In general, every time we’ve examined this relationship we find it to be positive.  The relationship isn’t always terribly strong but it’s positive and significant*.  More importantly, this relationship appears to persist no matter what we throw into the mix.  We’ve tried many different things (“controls”) to see if there is something tricky going on, such as a complex relationship with other variables.  For example, it’s possible that students from more affluent backgrounds both use technology more often and score higher on our measurements of engagement because they had better schooling.  But that doesn’t appear to be the case.  At the moment, however, it appears simply that “technology is good.”

That conclusion is neither satisfying nor likely.  It’s not satisfying because it seems very shallow and not at all explanatory (e.g. it doesn’t tell us what it is about “technology” that encourages more engagement and better learning).  It’s not likely because several decades of research has told us that it doesn’t matter which medium we use to deliver education (Clark, Yates, Early, & Moulton (2009), available as a pre-print, is an excellent overview of this body of research).

So if we don’t accept the overly-simple statement that “technology is good,” what do we do?  We did two things.  First, we focused on some specific technologies so we could move beyond broad conceptions of technology and look at some tools currently in use.  Despite the excellent research that tells us that technology itself should not have an impact, we must keep an open mind and explore that possibility, especially as technology advances and becomes more complex and ubiquitous.  Second, we asked faculty participating in the Faculty Survey of Student Engagement (FSSE) a nearly identical set of questions as we were asking the students participating in NSSE in the spring of 2009.  We even convinced 18 institutions to administer both sets of questions!  We wanted to draw faculty directly into the mix because the most likely explanation for our repeated finding of “technology is good” is that use of technology is associated with good teaching.  (That hypothesis also seemed to tentatively arise from one of our studies of distance learners, a study that didn’t seem to do much to cut through the clutter despite using sophisticated methodology.)

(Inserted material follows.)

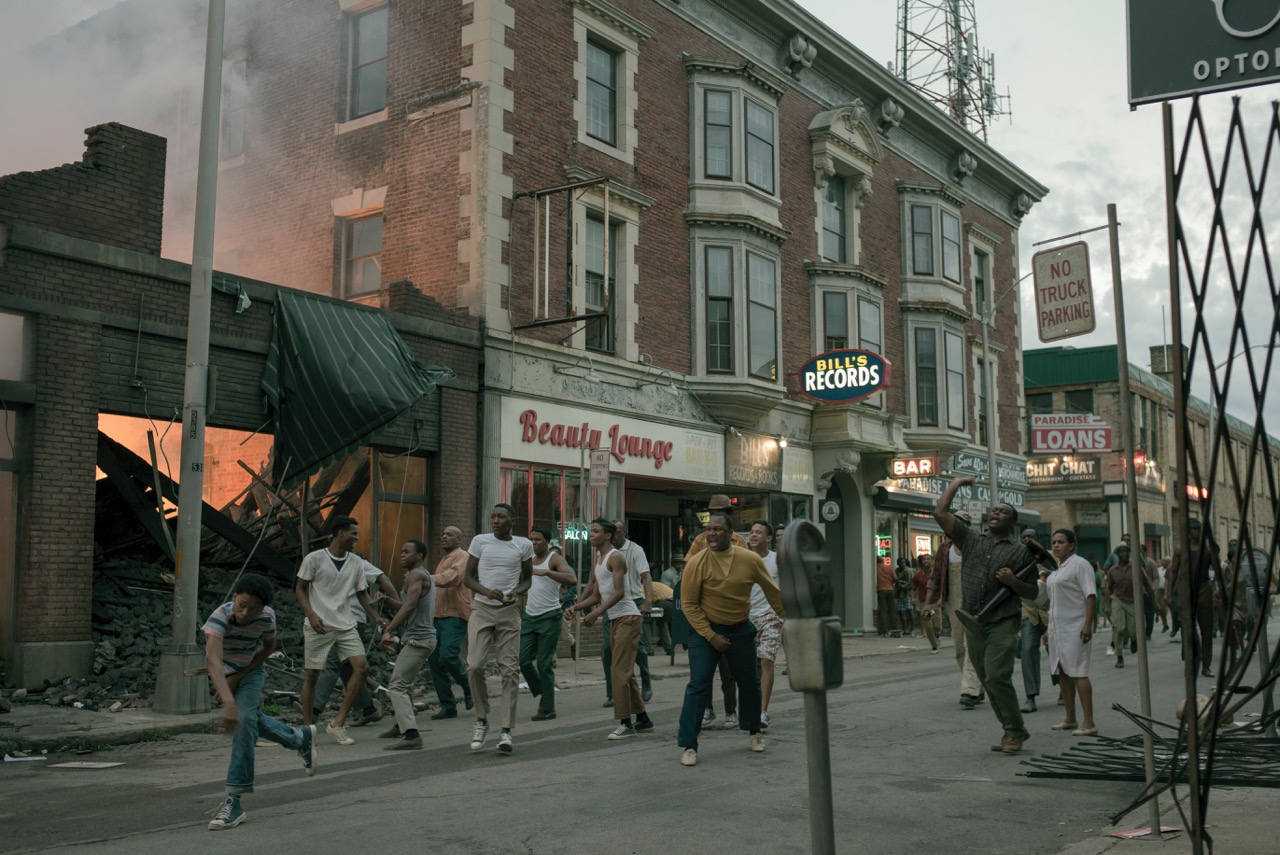 The film begins with a too-brief prologue in which the work of two African-American cultural titans is harnessed to provide the social and historical context sorely absent from the ensuing narrative. Text written by historian Henry Louis Gates Jr. is overlaid on a series of computer-animated panels selected from painter Jacob Lawrence’s beautiful Migration Series (1940–41). They combine for a whistle-stop tour of the mass domestic migration by African Americans from the south to the north of America and its effects, including “white flight,” and racist institutional backlash leading to a rash of violent conflagrations in the 1960s in northern urban centers. Philadelphia, Chicago, and Newark all erupted, as did Detroit, where, according to some sources, the five-day upheaval left forty-three dead, nearly one thousand two hundred injured, over seven thousand two hundred arrested, and more than two thousand buildings razed.

We presented some of our results at POD’s 2009 conference in Houston.  As mentioned above, we’ll be presenting some more at ELI’s 2010 conference in Austin.  And we’ll be presenting again at AIR in Chicago in a few months.  These are all different presentations focusing on different aspects of our data.  And there is still data we haven’t yet analyzed and presented!

I’m sorry that I haven’t give you any answers in this blog post.  We’re still working to find them and so far it’s been devilishly difficult.  It’s probably hard for us because our tools – voluntary, self-administered surveys administered to massively large groups of students and faculty – are blunt objects with limited capabilities.  And every answer we find raises more questions.  But it’s clear that there is positive relationship between student use of technology and student engagement, even if the relationship is more complex than it appears on the surface.

* – Statistical significance is tricky for us.  Our data sets are enormously large and since significance is sensitive to sample size a whole lot of things are significant.  So we often turn to other measures such as effect size and other contextual indicators to make sense of our data.